Daggerfall, Morrowind, Darklands, Bard's Tale, większość starych gier SSI...Mam wymieniać dalej?

Autor:  Mark24 [ 17 lut 2005, 12:04 ]
Tytuł: 

Huragan ty masz trochę blade pojecie o tym co piszesz więc racz się nie wypowiadać.

Do reszty:
Mnie tylko zastanawia jak można porównać questy w SWG (terminale z misjami, gdzie po wzięciu misji spawnuje się wioska jakichś mobów do rozwalenia) z questami w WoWie? Czy może chodzi o te ~5 questów które posiada SWG? Corvetta i coś tam pewnie jeszcze... Jak na RPG 5 questów na krzyż to dosyć pokaźna ilość :lol:

O questy z EQ2 się otarłem, owszem jakby nie było WoW-a to byłoby całkiem dobrze, ale WoW rozłożył na łopatki questy z EQ2. Zbyt dużo repeatable, zbyt dużo powtarzających się zadań (3 NPCów w mieście każe nam zabijać te szczury pod tym samym miastem i zabijając te szczury zaliczamy 3 questy na raz...), zbyt mała różnorodność, zbyt mdłe itp.

Autor:  Goatus [ 17 lut 2005, 12:04 ]
Tytuł: 

No właśnie tak się zastanawiam czy może ta niewątpliwa zaleta WoW'a (multum ciekawych questów) nie jest tym, co nieco przeszkadza community się rozwinąć już na początku.
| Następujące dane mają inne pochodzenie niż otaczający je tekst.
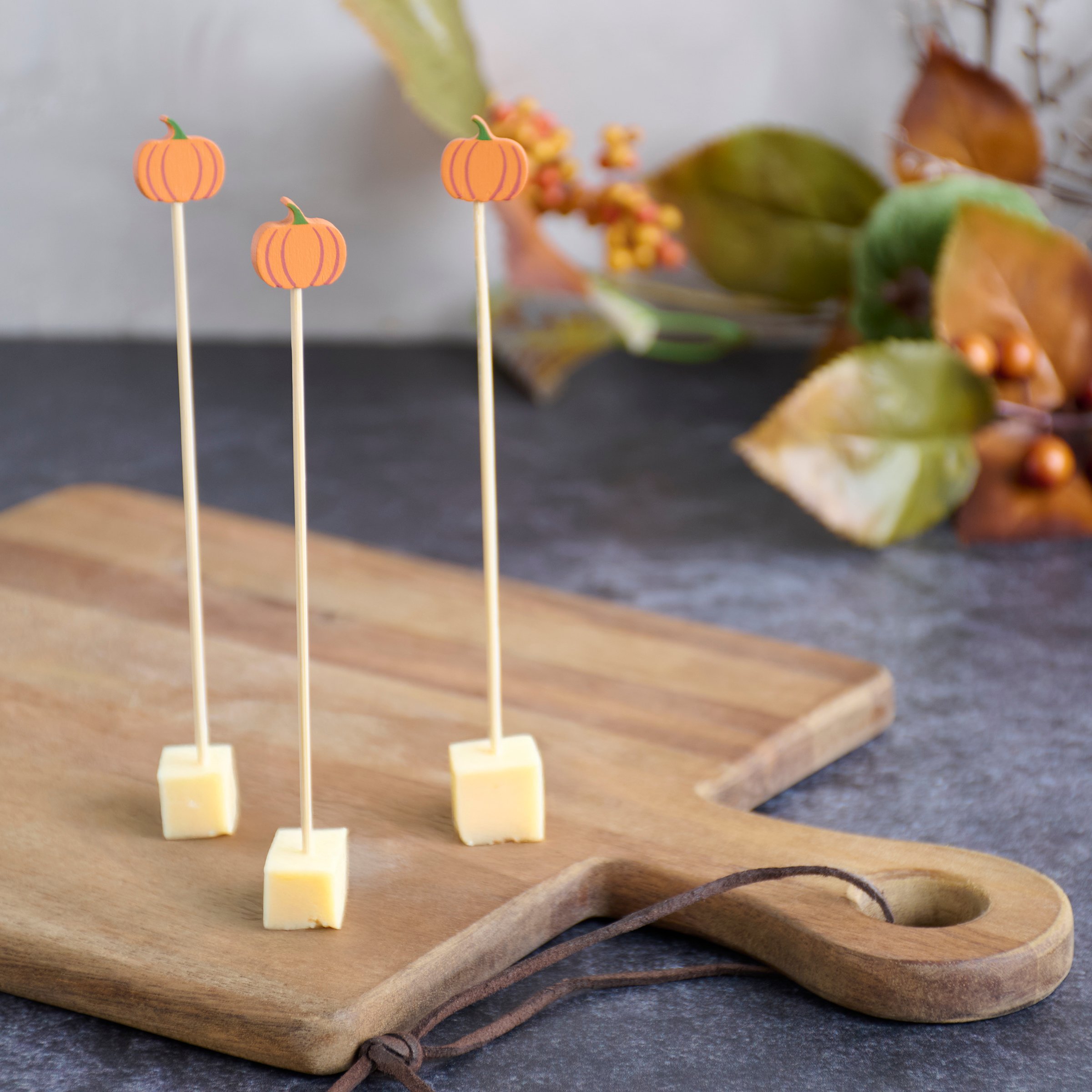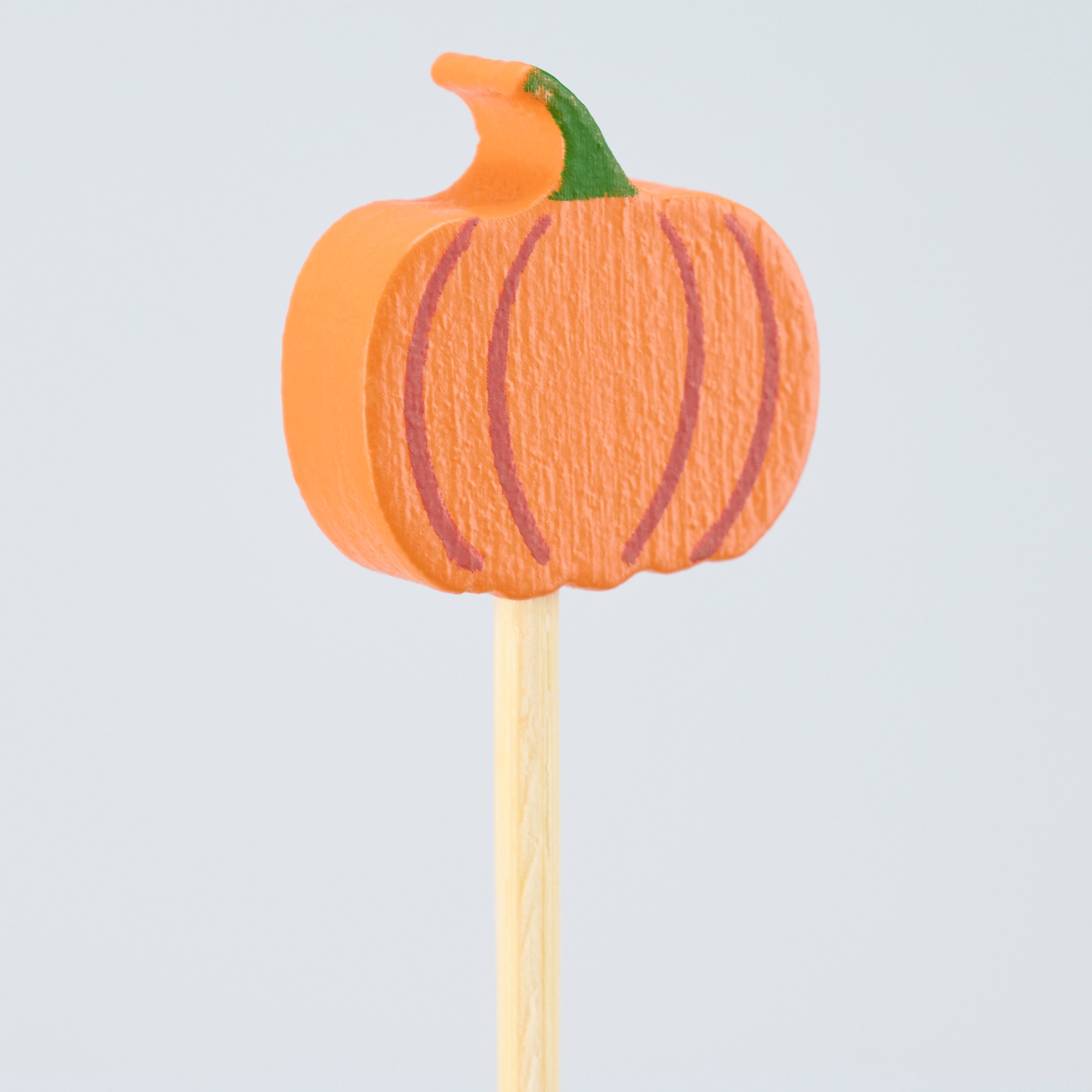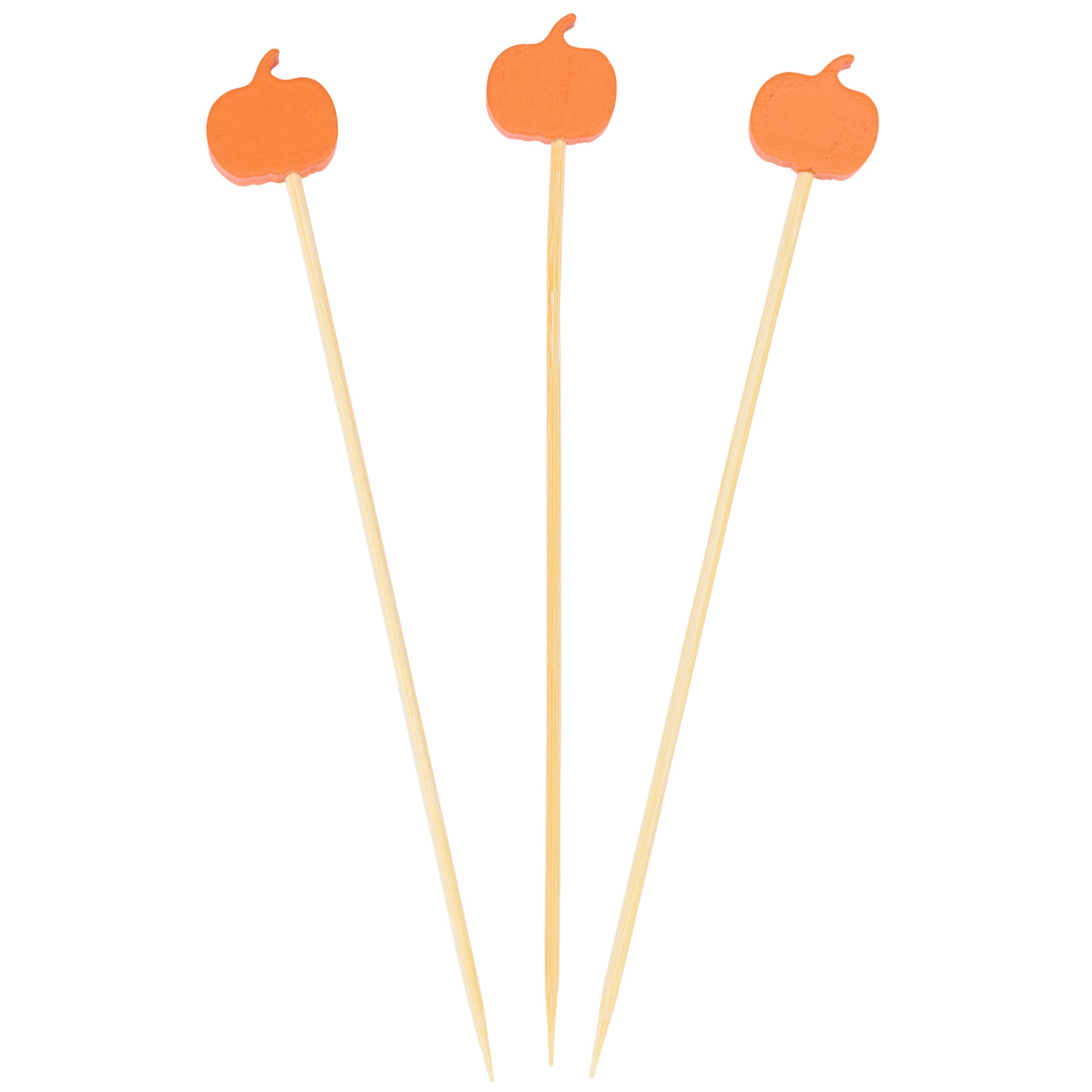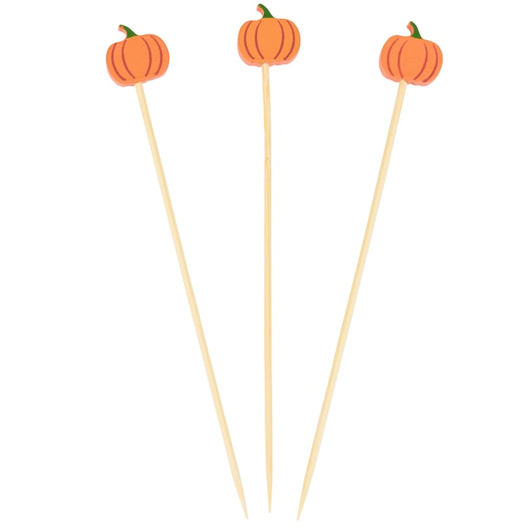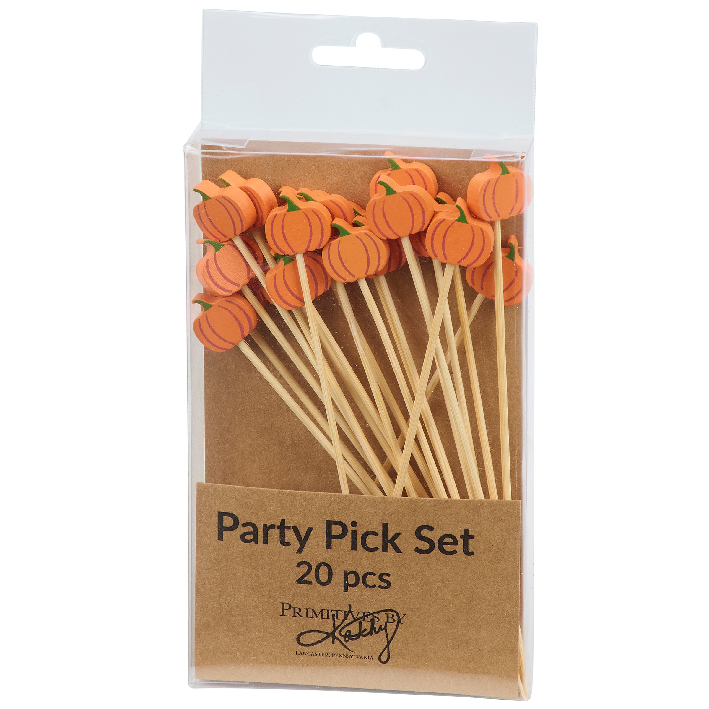 A set of party picks from our Fall & Harvest Collection featuring 20 long bamboo picks with pumpkin shaped wood pieces attached to the top displaying painted details that add fun seasonal style to food displays. Our Pumpkins party pick set comes packaged in an acrylic box to easily see designs with a hole for hanging on store racks. A set of fun fall party accessories perfect for themed tablescapes.

W końcu każdy ma coś non stop do robienia... Nie ma takiej chwili, że nie możesz wziąć przynajmniej 5 następnych questów + cały czas rzucaj cię one na nowe tereny. Do tego robi się je bardzo przyjemnie, przez co oderwać się jest ciężko nawet na 10 min żeby w spokoju pogadać. Każdy jest non stop "na queście" gdzieś idzie czegoś potrzebuje...

Tak sobie myśle, że wprowadzenie stanu "zmęczenia”, na questy nie było by wcale takim złym pomysłem O.o ale to tylko takie moje gdybanie

Na marginesie powiem jeszcze raz, co mówiłem wcześniej, moim zdaniem gildia, czy kilkunastu kolegów to nie jest community. To, że np WoW eu jest dopiero od kilku dni też nie ma znaczenia, poziom interakcji ludzi pomiędzy sobą (nie licząc tego w obrębie znajomych z poza wowa i z gildi) jest bliski 0. W miastach często widuje się grupki ludzi, ale rozmowy, jeżeli nawet jakieś są to prowadzone są tylko via whisper lub guild chat. Rzadko można natknąć się na jakąś żywą interakcje kilku obcych sobie postaci....

Pozdrawiam

Autor:  Mark24 [ 17 lut 2005, 12:06 ]
Tytuł: 

Grałem w Daggerfall, grałem w Morrowind, grałem w Bards Tale - gdzie tam są te lepsze questy? 90% z nich tak jak w WoWie to zabij, ukradnij, przynieś, podaj, pozamiataj.


Xanth SWG ma 2 lata prawie, ja grałem w tą grę od razu po starcie - nic tam nie było, totalnie niegrywalna.

Autor:  Goatus [ 17 lut 2005, 12:06 ]
Tytuł: 

Pieszczoch napisał(a):
Co do tych kwiatkow i sociala, to chyba teraz beda mi to wytykac do konca zycia hehe.


A tak zupełnie na marginesie... To w Stormwind jest sklep gdzie mają kilka rodzaji kwiatów m.in. bukiet róż i czarną różę do kupienia.....

Pozdrawiam

Autor:  Xanth [ 17 lut 2005, 12:06 ]
Tytuł: 

Mark24 napisał(a):
Mnie tylko zastanawia jak można porównać questy w SWG (terminale z misjami, gdzie po wzięciu misji spawnuje się wioska jakichś mobów do rozwalenia) z questami w WoWie?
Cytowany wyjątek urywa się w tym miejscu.